El libro da o sugiere hipótesis muy interesantes, pero en general se puede decir que su calidad es bastante inferior a su predecesor. Adolece del victimismo o “pesimismo nacional” –tipo «estas cosas sólo pasan en este país»— que en principio pretende evitar. Su metodología no siempre es la más adecuada: en una ocasión, por ejemplo, al comparar el tratamiento de la expulsión de los judíos de España con la expulsión y persecución de los hugonotes en Francia hace una comparación de resultados de ambos temas en Dialnet, que es una página que ofrece el trabajo producido en el entorno universitario español, y no sería el más adecuado para comparar trabajos producidos en Francia con los producidos en España; igualmente, a la hora de hacer valoraciones generales, no estoy muy seguro de que búsqueda realizada sea lo más exhaustiva posible. Realiza afirmaciones bastante gratuitas o interpretaciones que atribuyen a otras causas las que no son sino causas políticas. Por ejemplo, se atribuye al imperio otomano su supervivencia hasta la Primera Guerra Mundial la inercia de sus estructuras imperiales, obviando –sin dejar de ser una causa posible— el interés geopolítico de Reino Unido en su supervivencia para evitar que Rusia u otra potencia se hiciera con el Bósforo; y se relaciona con la Leyenda Negra el hecho de que no se impusiera la idea de decadencia en Francia pero sí en España, a pesar de que Francia cuenta en su haber más desastres, obviando el hecho de que un país con tantos recursos demográficos y económicos como Francia está en mejor disposición de rehacerse de un desastre como Waterloo y lanzar una nueva campaña descabellada como las aventuras napoleónicas o el II Imperio, mientras que en España un desastre como Westfalia o el del 98 será irremediablemente más demoledor.

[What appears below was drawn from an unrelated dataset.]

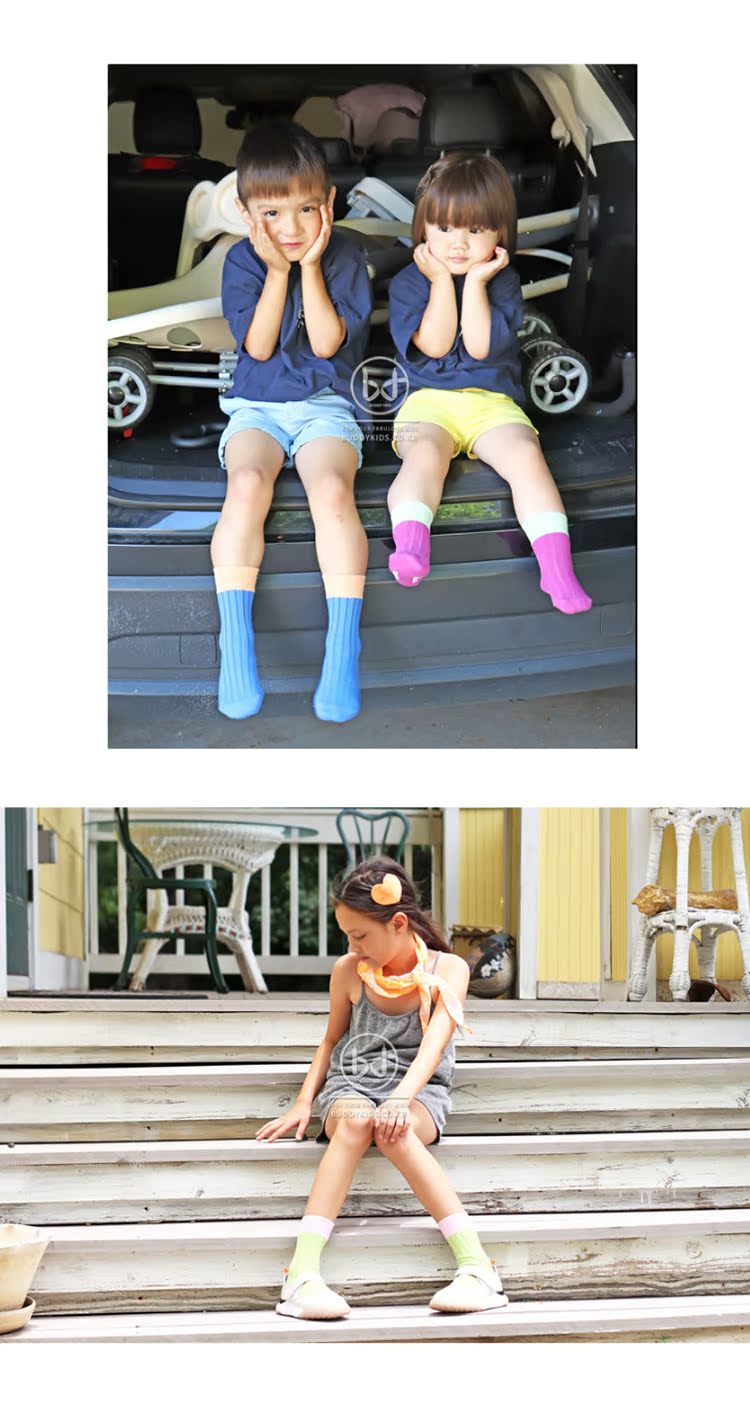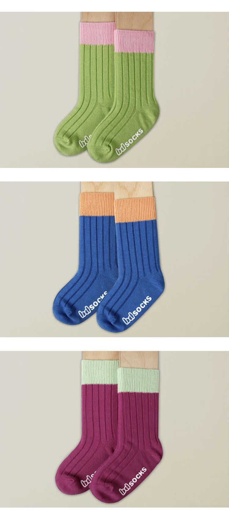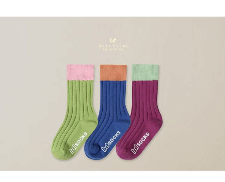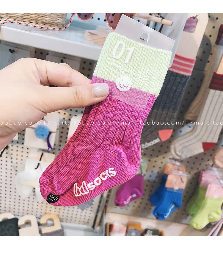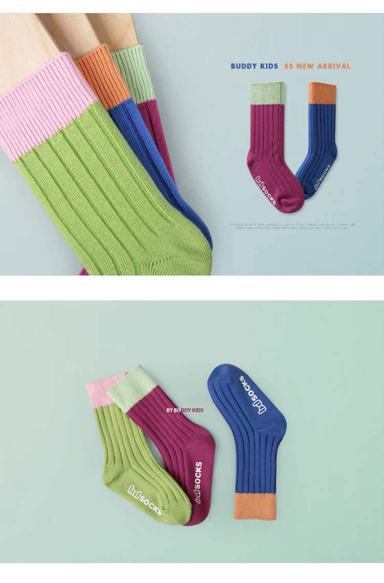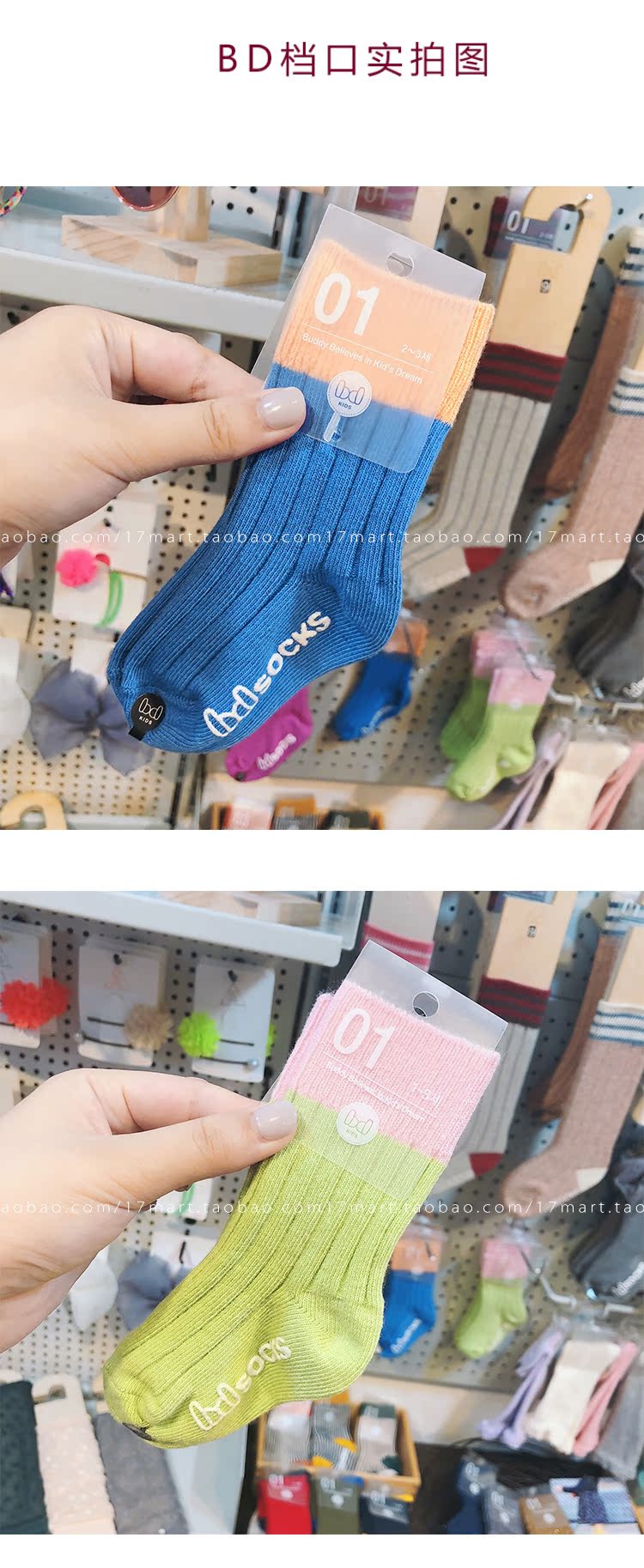韓國進口bdkids兒童春秋冬拼色襪子簡約百搭彩色男童女童中筒襪1入
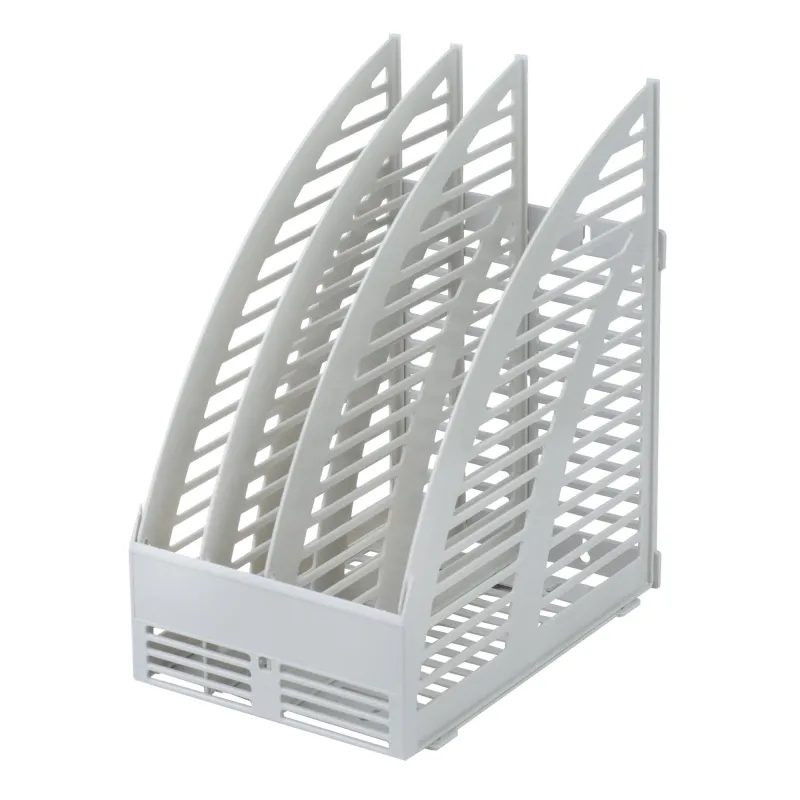 Вертикальный лоток из пластика может быть как цельным, так и сетчатым. Также есть модели, выполненные в разных цветовых гаммах. Они не только позволят легко ориентироваться, где какие документы находятся, но и станут стильным дополнением интерьера помещения.

Otros aspectos que me resultan bastante negativos de la obra son el tratamiento a los Borbones y a los liberales. En primer lugar, se hace gala de un anti-borbonismo casi patológico, que constituye un verdadero peligro a la hora de asentar el tópico de Austrias buenos/Borbones malos, y más teniendo en cuenta el predicamento y la repercusión de las opiniones de Roca Barea. La autora achaca a los Borbones no sólo el afrancesamiento, la extranjerización y la ruptura con las prácticas tradicionales de los Habsburgo –hasta dónde su crítica es legítima—, sino la denigración y minusvaloración consciente del reinado de los Habsburgo, alimentando la Leyenda Negra dentro de España, y la transformación de España en una colonia francesa durante el reinado de Felipe V –no voy a ahondar en esta cuestión para evitar hacer la reseña demasiado larga, aunque tal vez lo trate en otra entrada en el futuro. En segundo lugar, cabe destacar el hecho de que la crítica a las élites liberales es bastante menos dura que a los afrancesados, incluso a pesar del interés que ofrecería el hacer un repaso de los efectos de múltiples medidas liberales e incluso la subordinación ya no cultural sino política de estas élites a los intereses extranjeros. El repaso a la época liberal se limita al breve período de sustitución de lo francés como modelo al que imitar servilmente por lo alemán (krausismo, kantismo…, en lo que sí hay críticas interesantes), el regeneracionismo y la adopción de las doctrinas racistas, como una ruptura del modelo internacional imperial y un modelo adoptado por los secesionismos. Pero lo que más me ha dolido en mi orgullo ha sido la consideración de los liberales de 1812 como una clase más nacional o castiza que los afrancesados, al ser clases medias (medias-altas, diría yo) alejadas del primer plano de la vida política y cultural, y por lo tanto de los moldes de la vida cortesana y afrancesada, reivindicando así la Constitución de 1812, aún a pesar de que la influencia extranjera en los moldes de ese pensamiento –las referencias a la constitución tradicional de la Monarquía nunca dejarán de ser máscaras para justificar la adopción de un modelo de pensamiento revolucionario,

A modo de conclusión, las tesis del libro son interesantes. Dan luz a la cuestión de la aceptación de la Leyenda Negra, la oposición entre España y Europa, y la decadencia del Imperio como resultado de la pérdida de la idea de que es posible civilizar y evangelizar a todos los pueblos al aceptar las doctrinas racistas fruto de la misma subordinación cultural que lleva a aceptar la Leyenda Negra. Pero la obra también tiene trabas, tanto a nivel de discurso como en su metodología, con múltiples afirmaciones fortuitas, y tal vez demasiado gusto por un relativo victimismo. El mayor problema radica en el anti-borbonismo excesivo que hemos mencionado, no tanto por su integración en la hipótesis del libro como en el desarrollo de un peligroso tópico como es el de «Austrias buenos, Borbones malos». De igual manera, el trato de los liberales revela las limitaciones del fenómeno Imperiofobia, que se reduce a la reivindicación del “Imperio” y de los Austrias y a la reacción contra el legado de la Ilustración, pero por lo demás se encuadra dentro de la cultura democrático-constitucional liberal.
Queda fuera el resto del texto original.